My usual reply to an assertion such as yours is to ask, 'Did you
test?'
So, did you?
I appreciate the detail of your reply (snipped) and thank you for it.
May I ask, is it based on how JOINs and subqueries *should* work in
theory or is it based on how Jet' *does* work in actual
implementation? My practical experience with Jet seems to differ from
your description. I say 'seem' because I have no real evidence from
testing to offer, merely anecdotal evidence that Jet doesn't seem to
use indexes very efficiently in JOINS, ORDER BY and GROUP BY. I
suspect procedural code under the covers as being the culprit.
Back to practical testing. You asserted that indexing may give an
advantage to the JOIN in the group by approach which may not be
afforded to the subquery. In my original test I used no indexing;
again, I thought the absence of indexing would make for a better test
because it means more work for the SQL engine.
I just now created an index on MyDataCol, compacted the database to
ensure the index was rebuilt and re-ran the test. You may be surprised
by the results:
subquery: 0mins 17secs
group by: 5min 48secs
Again, group by results did not come out in rank order, which
presumably is a requirement for a row ID.

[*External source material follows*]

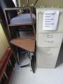 Used approximately (2) folding school cafeteria tables, approximately (30) open front desks, approximately (8) student chairs, metal cart, metal 4-drawer file cabinet, table, office chair, easel, 30in x 60in table

I think you may have missed the fact the JOIN is completed before the
GROUP BY clause is applied and a self JOIN such as yours returns a
relatively large row set. The most efficient way (I think) of
demonstrating this is to use COUNT(*) because the SQL engine is
optimized for this construct, so:
SELECT COUNT(*)
FROM 10K_row_table As a
INNER JOIN 10K_row_table As b
ON a.MyDataCol >= b.MyDataCol
This returns a single value in 2min 01secs (remember the subquery
approach completed and returned a 10K ordered rowset in just 17secs).

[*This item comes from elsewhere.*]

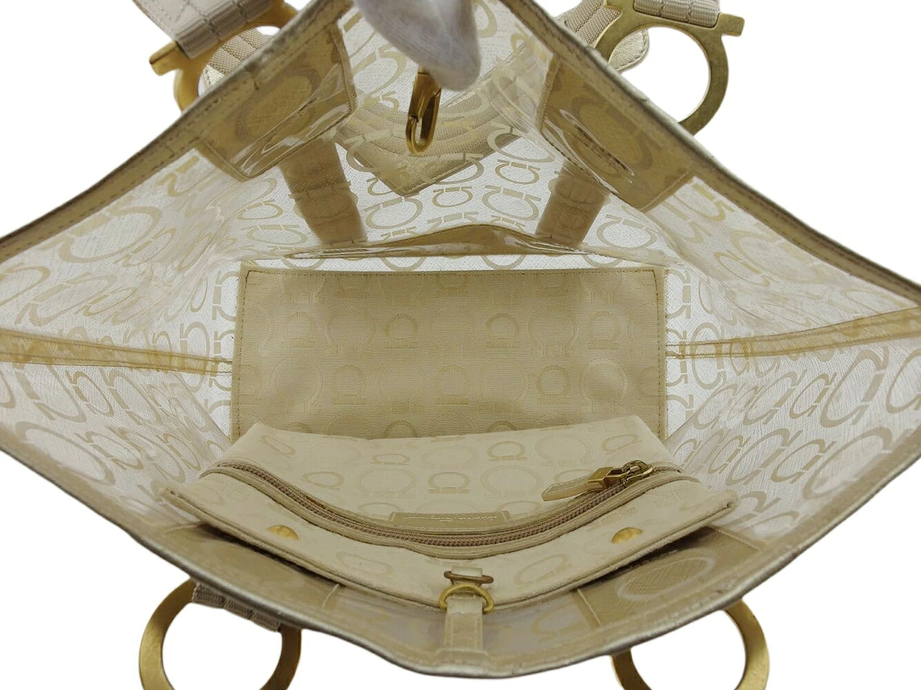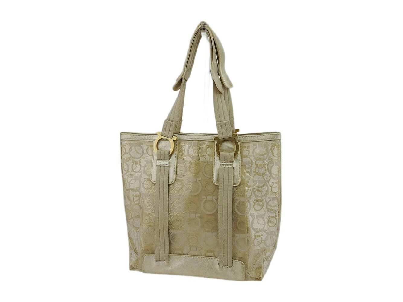 [Rakuten Super Sale ★ Up to 50% Off] Salvatore Ferragamo Gancini Tote Bag in Beige and Gold. Men's. Pre-owned. High-end vintage.

Will you now do your own testing of your assertions and post your
findings? Will you at least acknowledge the validity (or otherwise) of
my testing? If you don't, anyone reading this will be unsure whether
I've given your group by approach a fair test.

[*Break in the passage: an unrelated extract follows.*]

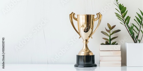 Minimalism in success: clean desk with one trophy.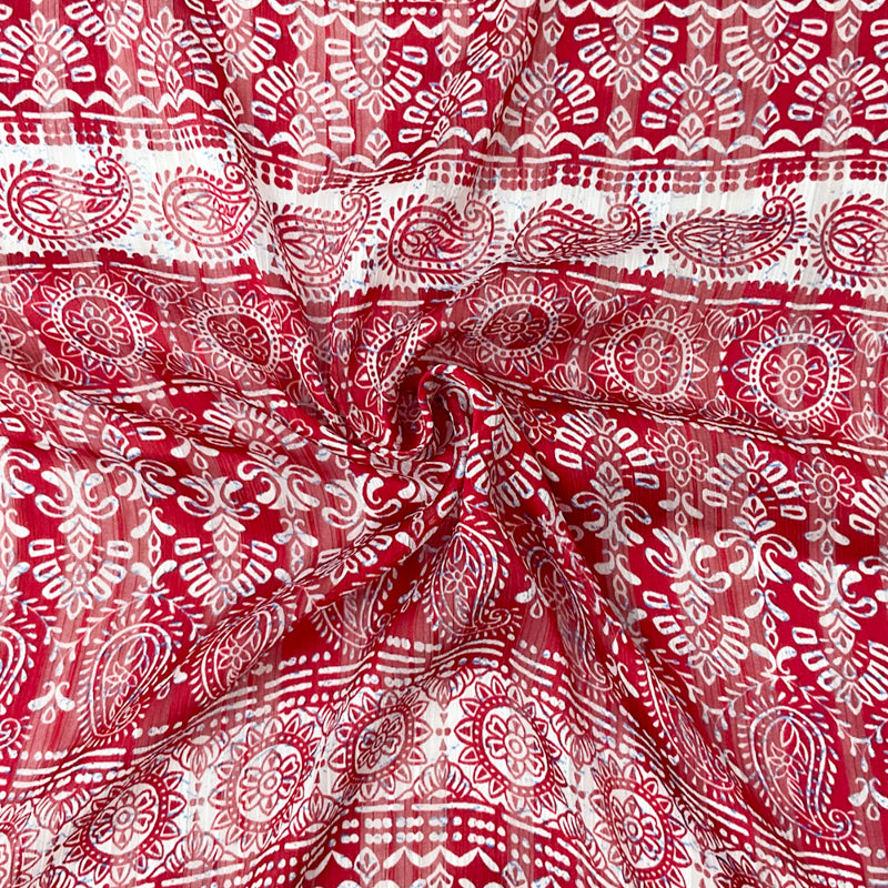 Red-Multi Stripe Paisley Print Satin Stripe Chiffon Woven Fabric

[a] BIG advantage of the join approach (that uses a GROUP BY), is that it
[can be represented] entirely GRAPHICALLY... well, when the join is an
equi
join
From my perspective, there is zero advantage to being able to
represent a query graphically (whatever that means). And when the
trade-off is taking 200% to 2000% more time to run, I'm not sure
having a 'picture' of a query would be preferable to anyone.
BTW for ranking purposes, my subquery would be better written as:
SELECT COUNT(*) + 1 FROM 10K_row_table WHERE MyDataCol <
T1.MyDataCol
because it would award the lower number (higher rank) to duplicates of
the same rank.
Jamie.
--